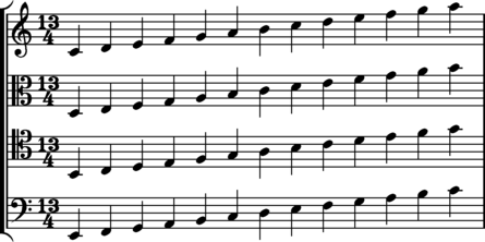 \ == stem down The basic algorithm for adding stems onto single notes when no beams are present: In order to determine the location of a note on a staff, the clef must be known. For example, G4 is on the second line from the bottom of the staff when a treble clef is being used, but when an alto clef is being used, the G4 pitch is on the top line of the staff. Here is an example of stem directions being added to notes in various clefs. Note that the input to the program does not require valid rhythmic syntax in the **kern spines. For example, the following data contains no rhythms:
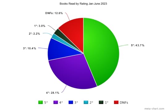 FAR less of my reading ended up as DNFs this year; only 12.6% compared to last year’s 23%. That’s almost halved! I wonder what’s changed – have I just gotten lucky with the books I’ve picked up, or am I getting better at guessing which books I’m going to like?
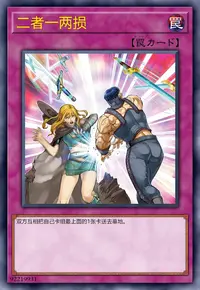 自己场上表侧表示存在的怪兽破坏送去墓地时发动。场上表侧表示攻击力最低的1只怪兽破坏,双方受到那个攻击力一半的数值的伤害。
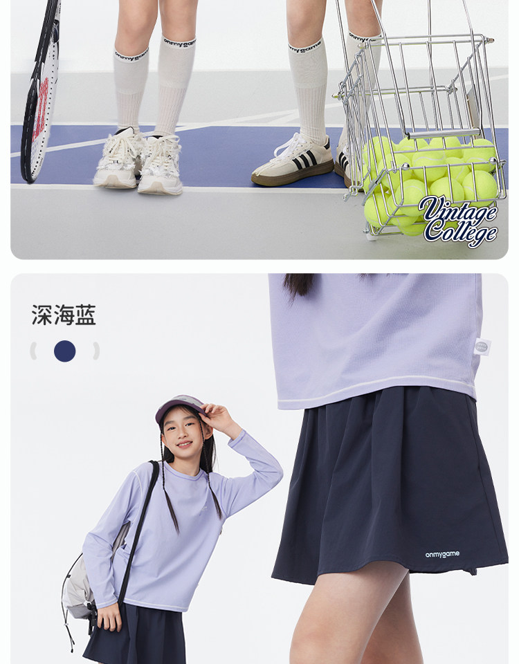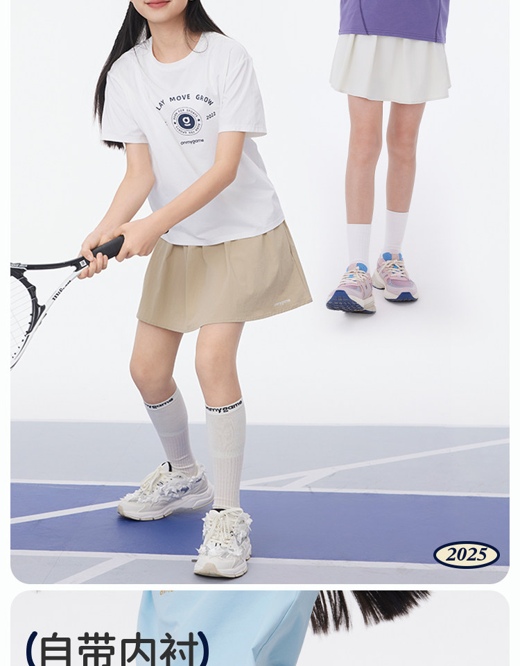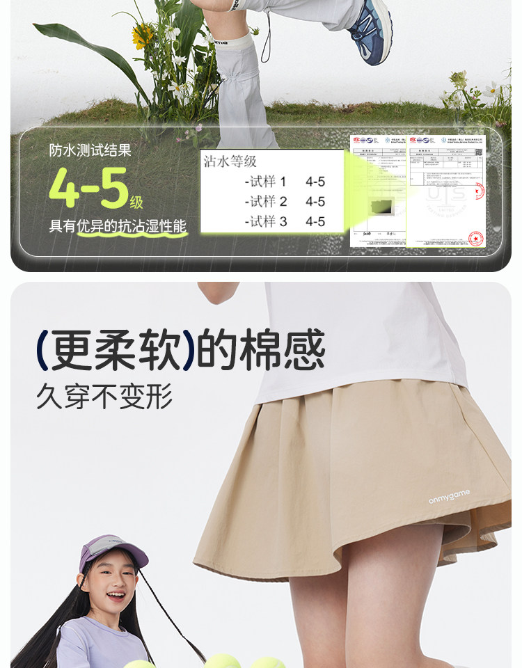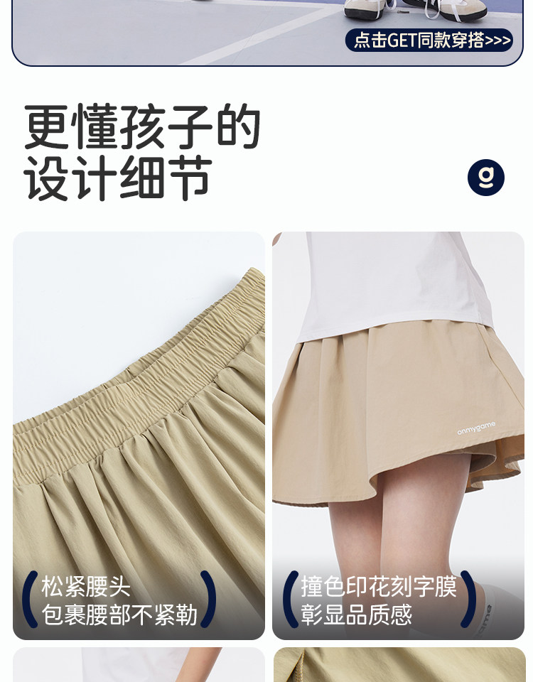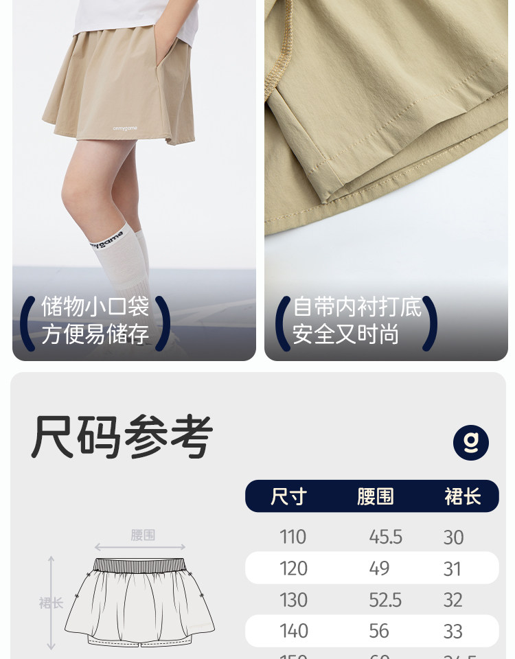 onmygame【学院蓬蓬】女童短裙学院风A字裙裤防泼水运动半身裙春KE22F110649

....................

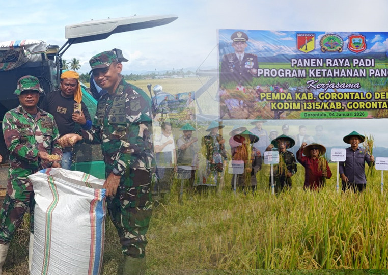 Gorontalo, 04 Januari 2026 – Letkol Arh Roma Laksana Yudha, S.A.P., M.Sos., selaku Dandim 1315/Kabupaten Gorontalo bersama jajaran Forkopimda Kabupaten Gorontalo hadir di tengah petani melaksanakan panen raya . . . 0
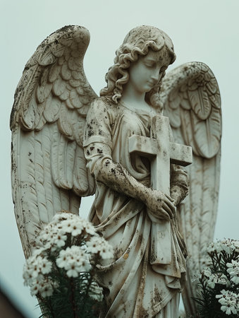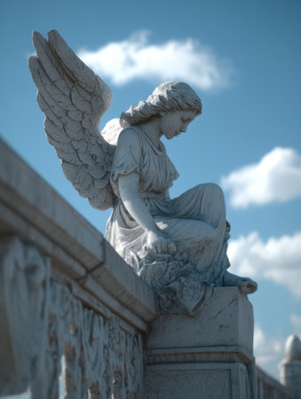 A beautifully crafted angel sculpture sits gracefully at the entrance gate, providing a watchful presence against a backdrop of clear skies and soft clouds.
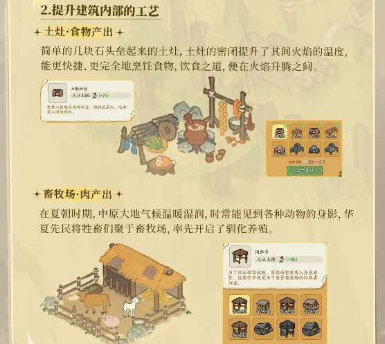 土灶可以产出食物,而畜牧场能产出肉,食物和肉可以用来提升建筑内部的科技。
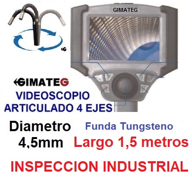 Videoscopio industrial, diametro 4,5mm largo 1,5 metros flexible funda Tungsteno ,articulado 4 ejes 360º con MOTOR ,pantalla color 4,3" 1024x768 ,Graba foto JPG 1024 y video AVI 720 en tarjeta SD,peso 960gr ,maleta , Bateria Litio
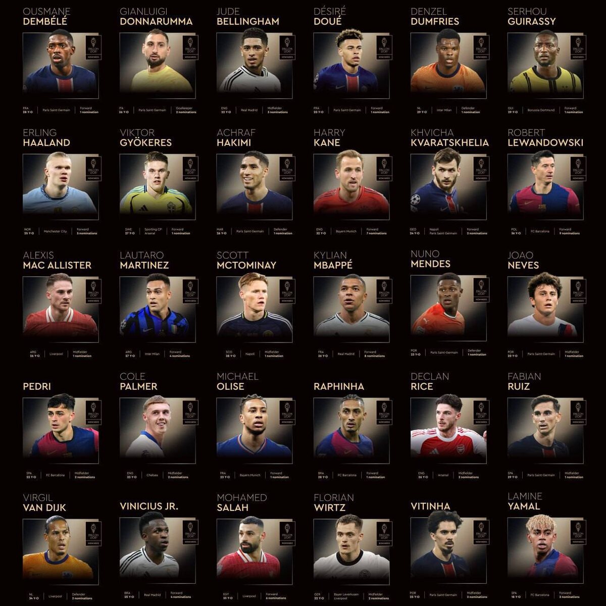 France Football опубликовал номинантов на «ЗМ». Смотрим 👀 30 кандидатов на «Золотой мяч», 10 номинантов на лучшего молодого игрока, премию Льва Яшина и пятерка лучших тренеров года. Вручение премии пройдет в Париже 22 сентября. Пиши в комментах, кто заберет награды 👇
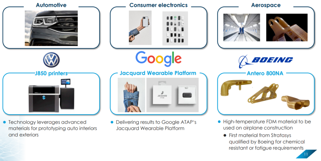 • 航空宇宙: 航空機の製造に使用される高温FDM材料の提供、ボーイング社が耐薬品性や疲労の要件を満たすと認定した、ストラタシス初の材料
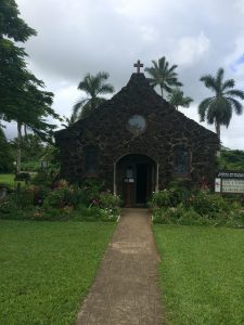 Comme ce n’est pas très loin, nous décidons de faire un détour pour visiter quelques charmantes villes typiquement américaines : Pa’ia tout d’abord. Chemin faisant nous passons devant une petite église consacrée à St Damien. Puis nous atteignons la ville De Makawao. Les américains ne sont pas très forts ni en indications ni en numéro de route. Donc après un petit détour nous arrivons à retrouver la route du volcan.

....................

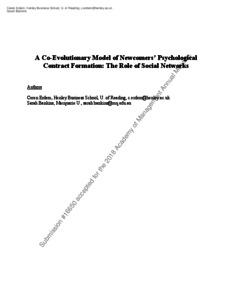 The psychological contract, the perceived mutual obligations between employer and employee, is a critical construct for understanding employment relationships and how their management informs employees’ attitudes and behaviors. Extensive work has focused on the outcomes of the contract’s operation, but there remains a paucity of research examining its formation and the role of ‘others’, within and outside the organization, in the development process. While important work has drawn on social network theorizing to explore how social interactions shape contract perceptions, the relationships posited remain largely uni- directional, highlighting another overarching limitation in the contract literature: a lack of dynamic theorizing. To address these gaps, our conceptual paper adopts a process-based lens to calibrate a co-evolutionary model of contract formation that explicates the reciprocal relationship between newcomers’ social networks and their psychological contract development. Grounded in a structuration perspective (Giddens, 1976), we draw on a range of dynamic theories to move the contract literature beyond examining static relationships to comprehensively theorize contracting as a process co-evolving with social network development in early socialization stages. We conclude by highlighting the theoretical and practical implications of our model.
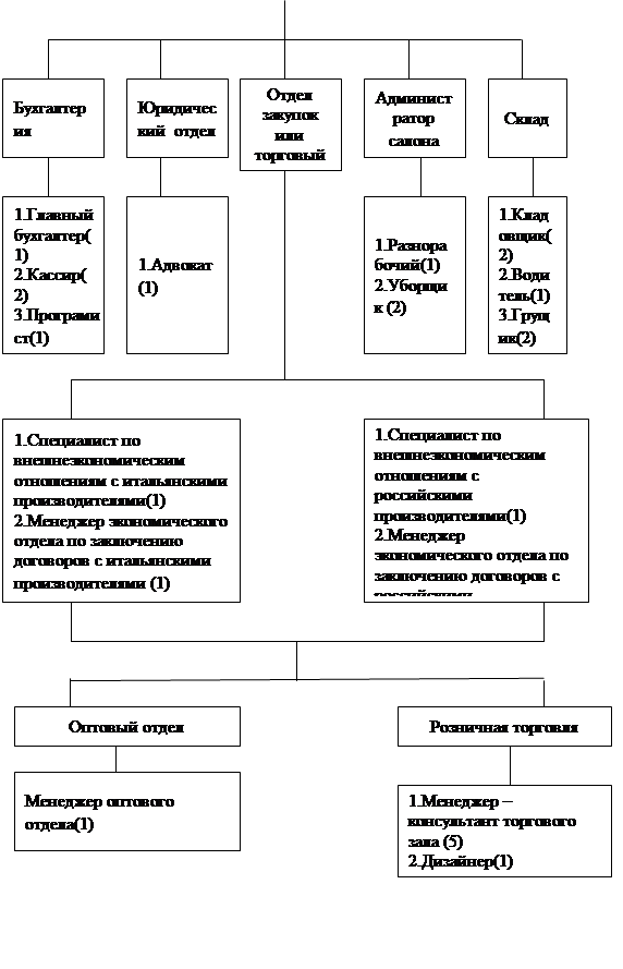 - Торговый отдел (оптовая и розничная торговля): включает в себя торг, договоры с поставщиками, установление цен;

....................

Leave the pictures out, and transcribe exactly the lines above starting at the one that contains "自己场上表侧表示存在的怪兽破" and ending at the one that contains "onmygame【学院蓬蓬】".

## [Response to the task]
 自己场上表侧表示存在的怪兽破坏送去墓地时发动。场上表侧表示攻击力最低的1只怪兽破坏,双方受到那个攻击力一半的数值的伤害。
 onmygame【学院蓬蓬】女童短裙学院风A字裙裤防泼水运动半身裙春KE22F110649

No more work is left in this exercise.